The Archbishop explains that the LGBT debate in Church “is not simply about civil liberties or human dignity or even about pastoral sensitivity to the freedom of individual Christians to form their consciences on this matter. It is about whether the Church is free to recognise same-sex unions by means of public blessings that are seen as being, at the very least, analogous to Christian marriage. In the light of the way in which the Church has consistently read the Bible for the last two thousand years, it is clear that a positive answer to this question would have to be based on the most painstaking biblical exegesis and on a wide acceptance of the results within the Communion, with due account taken of the teachings of ecumenical partners also. A major change naturally needs a strong level of consensus and solid theological grounding. This is not our situation in the Communion. Thus a blessing for a same-sex union cannot have the authority of the Church Catholic, or even of the Communion as a whole. And if this is the case, a person living in such a union is in the same case as a heterosexual person living in a sexual relationship outside the marriage bond; whatever the human respect and pastoral sensitivity such persons must be given, their chosen lifestyle is not one that the Church's teaching sanctions, and thus it is hard to see how they can act in the necessarily representative role that the ordained ministry, especially the episcopate, requires. In other words, the question is not a simple one of human rights or human dignity. It is that a certain choice of lifestyle has certain consequences. So long as the Church Catholic, or even the Communion as a whole does not bless same-sex unions, a person living in such a union cannot without serious incongruity have a representative function in a Church whose public teaching is at odds with their lifestyle. (There is also an unavoidable difficulty over whether someone belonging to a local church in which practice has been changed in respect of same-sex unions is able to represent the Communion's voice and perspective in, for example, international ecumenical encounters.)”
As I am encouraged with this I can see the identical argument that has been put forward by Forward in Faith in the last two decades. I am sure that what the Archbishop argues about one departure from the norm is equally valid from a different and yet as big as departure from the practice of the Church Catholic. With the same ecumenical implications, as Cardinal Kasper and the Russian Orthodox Church have pointed out clearly to the Church of England, as regards the admittance of women to Holy Orders.
The second point (fundamentally being the perennial question of authority in the Anglican Church) is the one of how a local church makes up its mind on a sensitive and controversial matter.
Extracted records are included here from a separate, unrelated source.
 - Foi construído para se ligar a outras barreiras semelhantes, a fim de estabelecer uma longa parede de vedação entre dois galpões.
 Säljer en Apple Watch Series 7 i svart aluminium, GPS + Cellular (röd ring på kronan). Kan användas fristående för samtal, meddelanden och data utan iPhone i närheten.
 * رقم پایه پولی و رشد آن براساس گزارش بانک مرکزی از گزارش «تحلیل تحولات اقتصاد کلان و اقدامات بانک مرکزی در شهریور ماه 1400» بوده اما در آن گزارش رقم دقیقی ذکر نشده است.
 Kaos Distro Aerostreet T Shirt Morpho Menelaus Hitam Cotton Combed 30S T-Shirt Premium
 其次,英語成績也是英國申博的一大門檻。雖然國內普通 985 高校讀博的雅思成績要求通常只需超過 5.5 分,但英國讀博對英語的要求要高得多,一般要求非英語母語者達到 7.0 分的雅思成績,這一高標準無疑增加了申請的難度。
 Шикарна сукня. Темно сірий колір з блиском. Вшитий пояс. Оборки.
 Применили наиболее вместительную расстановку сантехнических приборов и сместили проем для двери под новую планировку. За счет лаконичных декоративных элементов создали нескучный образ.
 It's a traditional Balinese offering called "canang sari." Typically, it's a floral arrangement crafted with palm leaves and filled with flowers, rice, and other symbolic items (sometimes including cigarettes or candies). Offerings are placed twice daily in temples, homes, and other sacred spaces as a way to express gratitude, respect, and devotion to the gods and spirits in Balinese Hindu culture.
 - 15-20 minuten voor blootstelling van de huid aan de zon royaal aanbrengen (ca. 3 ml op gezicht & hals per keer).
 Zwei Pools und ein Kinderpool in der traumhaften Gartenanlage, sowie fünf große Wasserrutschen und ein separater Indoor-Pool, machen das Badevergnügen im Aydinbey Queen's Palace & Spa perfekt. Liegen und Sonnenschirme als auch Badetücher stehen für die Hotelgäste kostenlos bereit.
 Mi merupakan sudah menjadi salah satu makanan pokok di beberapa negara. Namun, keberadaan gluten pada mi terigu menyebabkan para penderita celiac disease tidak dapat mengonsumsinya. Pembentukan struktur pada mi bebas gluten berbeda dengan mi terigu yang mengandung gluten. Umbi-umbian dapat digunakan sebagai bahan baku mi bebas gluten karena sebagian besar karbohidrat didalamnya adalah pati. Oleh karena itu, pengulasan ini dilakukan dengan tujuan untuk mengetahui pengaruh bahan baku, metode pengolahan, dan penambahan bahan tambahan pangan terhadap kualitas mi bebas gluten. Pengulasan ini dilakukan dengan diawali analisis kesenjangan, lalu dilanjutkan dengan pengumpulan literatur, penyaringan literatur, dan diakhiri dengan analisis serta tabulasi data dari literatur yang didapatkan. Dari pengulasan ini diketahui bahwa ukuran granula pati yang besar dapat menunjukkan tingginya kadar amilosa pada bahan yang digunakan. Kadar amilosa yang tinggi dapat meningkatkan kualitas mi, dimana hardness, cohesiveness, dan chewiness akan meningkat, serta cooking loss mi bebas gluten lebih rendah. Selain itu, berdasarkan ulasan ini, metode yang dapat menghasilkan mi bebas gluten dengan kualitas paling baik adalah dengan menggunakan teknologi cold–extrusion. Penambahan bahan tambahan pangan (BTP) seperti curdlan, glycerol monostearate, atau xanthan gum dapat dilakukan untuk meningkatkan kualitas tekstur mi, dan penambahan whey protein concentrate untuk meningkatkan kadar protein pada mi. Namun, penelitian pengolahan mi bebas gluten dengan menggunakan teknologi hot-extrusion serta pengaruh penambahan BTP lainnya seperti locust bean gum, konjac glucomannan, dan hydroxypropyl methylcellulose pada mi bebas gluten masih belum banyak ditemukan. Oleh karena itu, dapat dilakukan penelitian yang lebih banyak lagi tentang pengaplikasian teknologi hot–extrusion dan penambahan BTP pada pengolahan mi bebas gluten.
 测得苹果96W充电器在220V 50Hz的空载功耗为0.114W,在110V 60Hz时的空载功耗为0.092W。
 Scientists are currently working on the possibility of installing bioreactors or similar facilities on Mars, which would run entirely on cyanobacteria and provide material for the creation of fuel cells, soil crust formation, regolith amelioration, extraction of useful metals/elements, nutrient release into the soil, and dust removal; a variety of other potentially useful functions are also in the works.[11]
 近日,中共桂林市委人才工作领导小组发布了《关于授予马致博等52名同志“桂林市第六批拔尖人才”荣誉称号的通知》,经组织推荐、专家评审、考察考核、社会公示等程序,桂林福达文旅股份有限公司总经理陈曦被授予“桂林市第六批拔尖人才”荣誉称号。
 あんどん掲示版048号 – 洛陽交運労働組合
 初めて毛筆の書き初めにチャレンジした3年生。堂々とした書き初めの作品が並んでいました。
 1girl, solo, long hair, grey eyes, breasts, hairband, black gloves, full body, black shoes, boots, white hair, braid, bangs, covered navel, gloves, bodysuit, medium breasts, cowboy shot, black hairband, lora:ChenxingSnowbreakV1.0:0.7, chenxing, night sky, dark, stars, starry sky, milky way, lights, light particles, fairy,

The Archbishop says: “When a local church seeks to respond to a new question, to the challenge of possible change in its practice or discipline in the light of new facts, new pressures, or new contexts, as local churches have repeatedly sought to do, it needs some way of including in its discernment the judgement of the wider Church. Without this, it risks becoming unrecognisable to other local churches, pressing ahead with changes that render it strange to Christian sisters and brothers across the globe…it should be clear that an acceptance of these sorts of innovation in sacramental practice would represent a manifest change in both the teaching and the discipline of the Anglican tradition, such that it would be a fair question as to whether the new practice was in any way continuous with the old. Hence the question of 'recognisability' once again arises.” Again the Archbishop hits it on the head, but is this not equally true about the departure from the norm that is the innovation of women’s ordination?
The Archbishop says: “But perhaps we are faced with the possibility rather of a 'two-track' model, two ways of witnessing to the Anglican heritage…” Maybe what Forward in Faith called a Third Province is in fact some sort of a two-track model too. A two-track model is coherent with the Anglican view of comprehensiveness, even though I have some reservations as I think about what the mean between two extremes really means (Nicomachean Ethics). After further reflection I might be able to live with a two-track model, what I find very difficult is two standards of reasoning about core matters of the Faith Catholic.